It all started this AM with Cody and I biking to school. He bolts out onto the road in typical rambunctious 10 yr old fashion with an oncoming car heading in his path.
"CODY!" I yell.
He swerves to the side and says, "Moooom, you don't have to say that!"
Well, yeah, I thought I kinda had to...
We get to school. I note he put on a nice black t-shirt, but the problem is, it's full of CAT hair. Nice. He's always picking up those darned cats after putting on black. It's illegal and cannot be done I say.
"You have cat hair all over your shirt! You can't go in like that!" as I proceed to lick my hand so I can swipe off the cat nest festering all over him.
"GROOOSSS! NO MOM!"
Shoot. I shouldn't have licked my hand. Dead gross-mom giveaway. Thinking fast, I head for the water fountain on the school ground. I soak my hand, SHOW him I'm wiping MOST of it off (he detests wet on him) and proceed to swipe swipe swipe in true motherhood fashion. I know, what a pain in the butt I can be. He fussed some and kept turning on me but I nabbed most of it. Whew. I can breathe now.

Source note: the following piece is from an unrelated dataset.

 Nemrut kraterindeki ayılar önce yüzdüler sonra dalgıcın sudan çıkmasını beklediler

School bell rings. Time to go in! I go to give him that little snuggle of a hug and kiss combo and as I'm doing the forward lean thing, he eyes me weird. Oh, right. Gotta be cool here.

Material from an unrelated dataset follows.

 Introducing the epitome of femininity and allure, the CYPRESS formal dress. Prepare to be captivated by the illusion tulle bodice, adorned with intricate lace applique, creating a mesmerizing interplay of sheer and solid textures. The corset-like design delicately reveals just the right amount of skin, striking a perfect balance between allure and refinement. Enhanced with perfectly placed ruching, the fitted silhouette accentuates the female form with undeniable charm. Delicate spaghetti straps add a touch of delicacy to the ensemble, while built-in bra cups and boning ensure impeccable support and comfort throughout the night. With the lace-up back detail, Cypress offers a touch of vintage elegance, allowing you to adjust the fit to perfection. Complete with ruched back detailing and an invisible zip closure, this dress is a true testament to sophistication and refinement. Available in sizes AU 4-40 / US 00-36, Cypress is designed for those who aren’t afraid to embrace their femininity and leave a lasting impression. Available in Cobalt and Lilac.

"No more kisses and hugs for you huh?" He looks at me in that little eeny weeny corner of his sparkly eye and gives me a small smirk. He wants it. BAD. I go in for the dive and for fun, glue myself on him as we waddle to the door of the school while we both laugh.
Ah crap. I have to let go. He's been chained to my hip for 10 years. I have some habits to break.
Cody's off to camp this weekend for 9 whoppin' days taking a flight outa town no less. Guess that'll be a GREAT start to me letting go, huh? I'll update on my state of mind as the weekend nears. Right now I feel excitement for him! Let's see what Saturday brings, shall we?
Sigh... 10 going on 20. When did this happen?